Modernism, understood as a broad range of aesthetic and technical features in 19th and early 20th-century music, is an area of research focus within the department. This research engages with the era's characteristic preoccupations, reflected in the aesthetic categories of fragment, originality, desire and subjective identity, the sublime, and the melancholic. It is also focussed on Modernist obsessions with the new, with conflicts of order and chaos, and subjective anxieties in an age of political upheaval, technological advance and cultural crisis. This research engages with and develops central methods in historical and critical musicology and music analysis. In many areas the research in the department also applies an interdisciplinary approach, drawing, for example, upon hermeneutics, philosophy, psychoanalysis and cultural theory.

Dr Stephen Downes is working on a monograph exploring musical constructions of creativity, inspiration and eroticism in aesthetic contexts from Romantic idealism to Modernist anxiety. He also researches into musical expressions of subjective identity in central/eastern europe , involving gender, nationalism and ethnicity, and has lectured and published on these issues in Poland . The primarily focus is on the music of Karol Szymanowski - his monograph, Szymanowski, Eroticism and the Voices of Mythology, was published in 2003 - and he has also published on Bartók. His interest in the issue of inspiration has recently turned to the compositional legacy of Gustav Mahler in major research papers on Kurt Weill and Hans Werner Henze. He has also worked on aspects of musical surrealism in Weill and Poulenc. He has supervised research students working on the Orpheus myth in early twentieth century music (Alison Matthew), the music of Ethel Smyth (Jo Stapleton), and death in Janácek operas (Lynne Hodgson). Dr Downes's research has been supported by several grants from the Arts and Humanities Research Board and the British Academy .

Dr Jeremy Barham is established as one of the leading young Mahler scholars.
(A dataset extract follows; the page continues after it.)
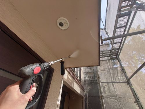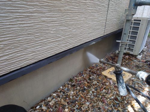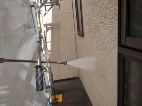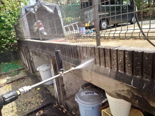 次に外壁の表面に付着した汚れ、ホコリ、苔、旧塗膜などを業務用の高圧洗浄機で徹底的に洗い流しました。塗料の密着性を高め、長持ちする塗装に仕上げるため、この工程を丁寧に行います。

He has undertaken research-funded by the British Academy-in Vienna, Berlin, Paris and Philadelphia, and the focus of his work lies in Mahler's engagement with culture: philosophies of Romanticism (Schopenhauer, Fechner, late idealism) and Modernism (Nietzsche, Adorno), ethnic identity and notions of the self in the early 20th century, and structures of meaning and interdisciplinarity (metaphor, and, most recently, 'cinematic' modes of construction in Mahler). Dr Barham has further research interests in narrative and temporality in music and film media, and issues of intertextuality and appropriation in film music. His publications include a chapter on Mahler's early compositions in OUP's The Mahler Companion (rev. edn, 2002), a volume of Mahler studies for Ashgate, Perspectives on Gustav Mahler (2005), CUP's Companion to Mahler, (2007), a chapter on The Shining’ in Terror Tracks. Music, Sound and Horror Cinema (Equinox Press, forthcoming 2008) and numerous reviews for Music & Letters. He is currently working on monographs on Mahler, culture and musical meaning, and on music, time and the moving image. He supervises students researching in the fields of late 19th-century performance studies (Maureen Bonello), and the musicalization of fiction in Virginia Woolf (Emilie Crapoulet).

Dr Christopher Mark's research into English music of the twentieth century includes work leading towards a major publication on melancholy. Within the aesthetics of the early twentieth century this engages with the pastoral, the idyllic, and nostalgia in the music of Elgar, Delius, Vaughan Williams, Holst, Warlock, and Bridge. Dr Mark's research has been supported by grants from the Arts and Humanities Research Board and the British Academy.